(Stored dataset items)
********

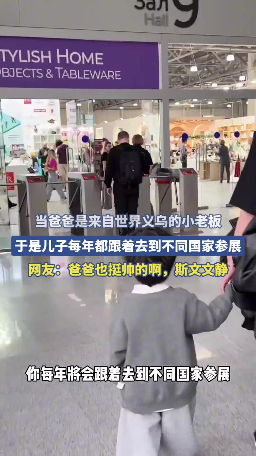 爸爸是义乌老板,儿子随其去各国参展
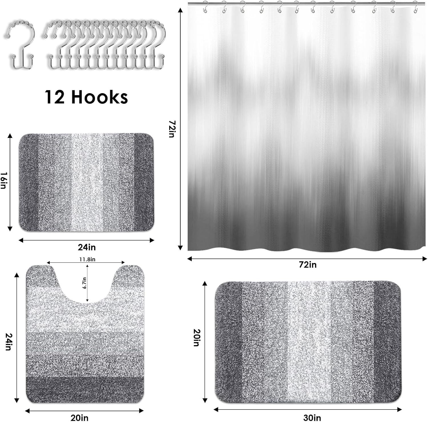 Included Components: Bathroom Accessories, Bathroom Rugs, Shower Curtain
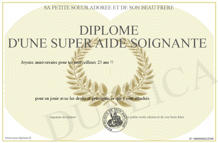 Envoyez par email votre Diplôme d'une SUPER AIDE SOIGNANTE personalisé
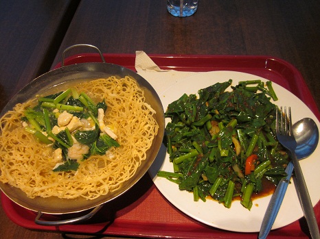 ลักษณะคล้ายๆราดหน้าบ้านเรานะคะ อีกจานเป็นคะน้าผัดเครื่องแงแบบบ้านเขาอ่ะค่ะ เผ็ดนิดๆ อร่อยดีค่ะ
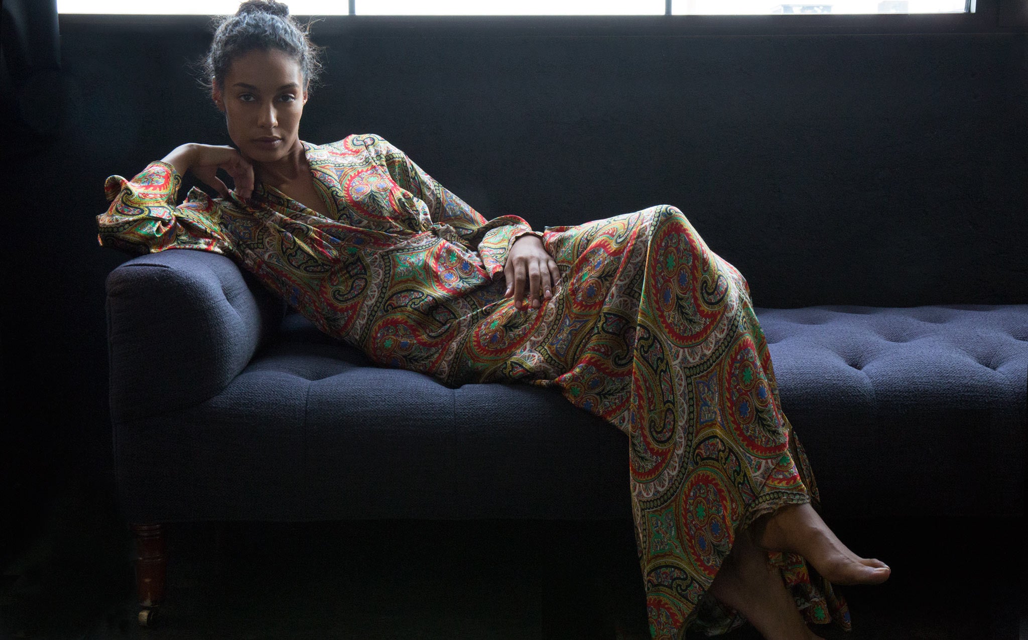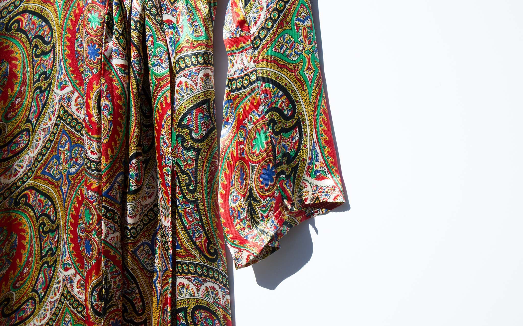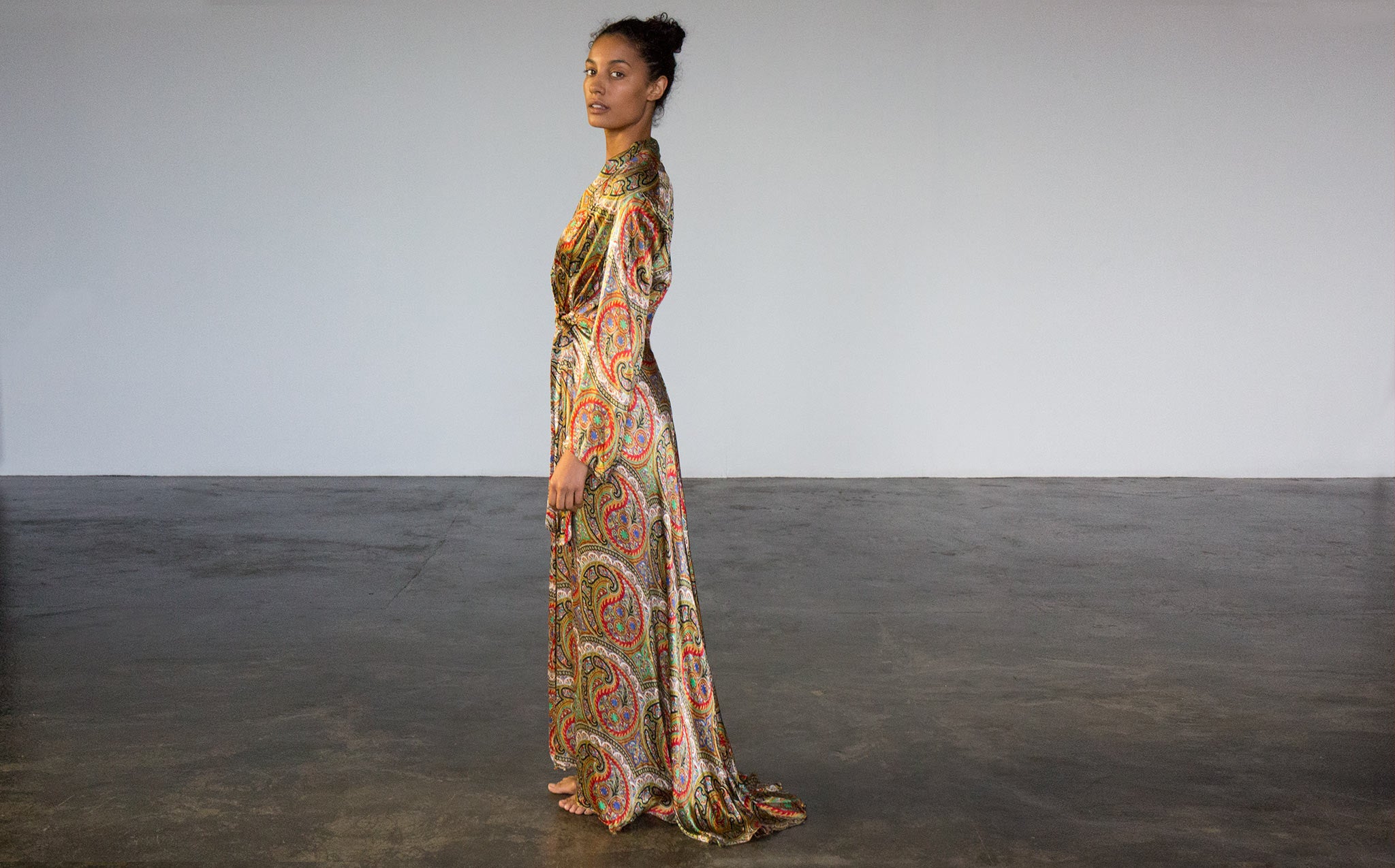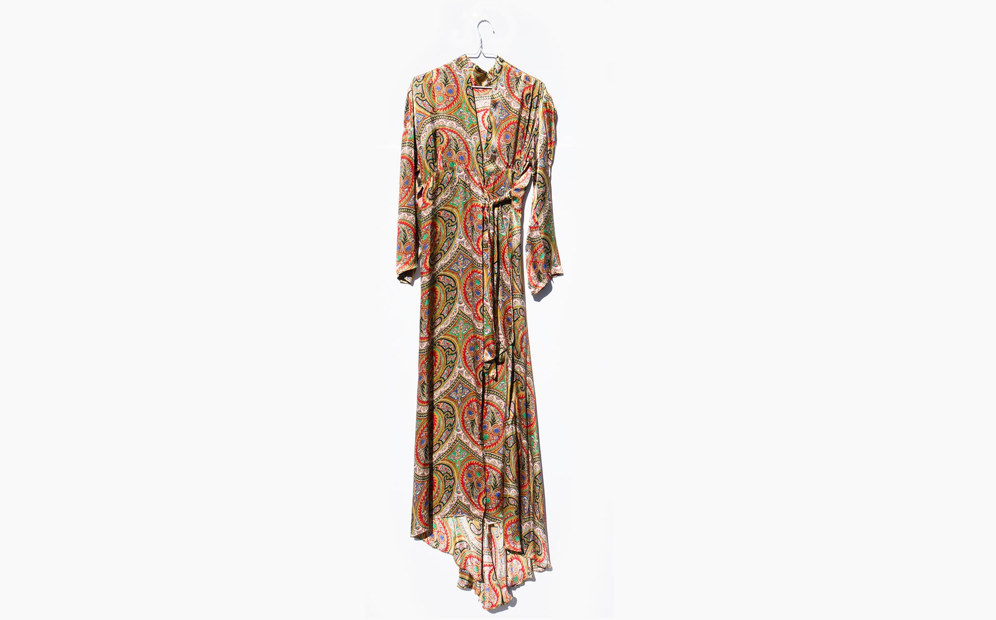 Vintage, sleek satin evening robe, epitomizing glamorous femininity and bygone era loungewear. Incredible and compelling with a bold paisley print and slight train at the back.

********

What the task asks :: Output exactly the lines from the one that has "Envoyez par email" through the end of the data. Do not include pictures.

Solution to this task ::
 Envoyez par email votre Diplôme d'une SUPER AIDE SOIGNANTE personalisé
 ลักษณะคล้ายๆราดหน้าบ้านเรานะคะ อีกจานเป็นคะน้าผัดเครื่องแงแบบบ้านเขาอ่ะค่ะ เผ็ดนิดๆ อร่อยดีค่ะ
 Vintage, sleek satin evening robe, epitomizing glamorous femininity and bygone era loungewear. Incredible and compelling with a bold paisley print and slight train at the back.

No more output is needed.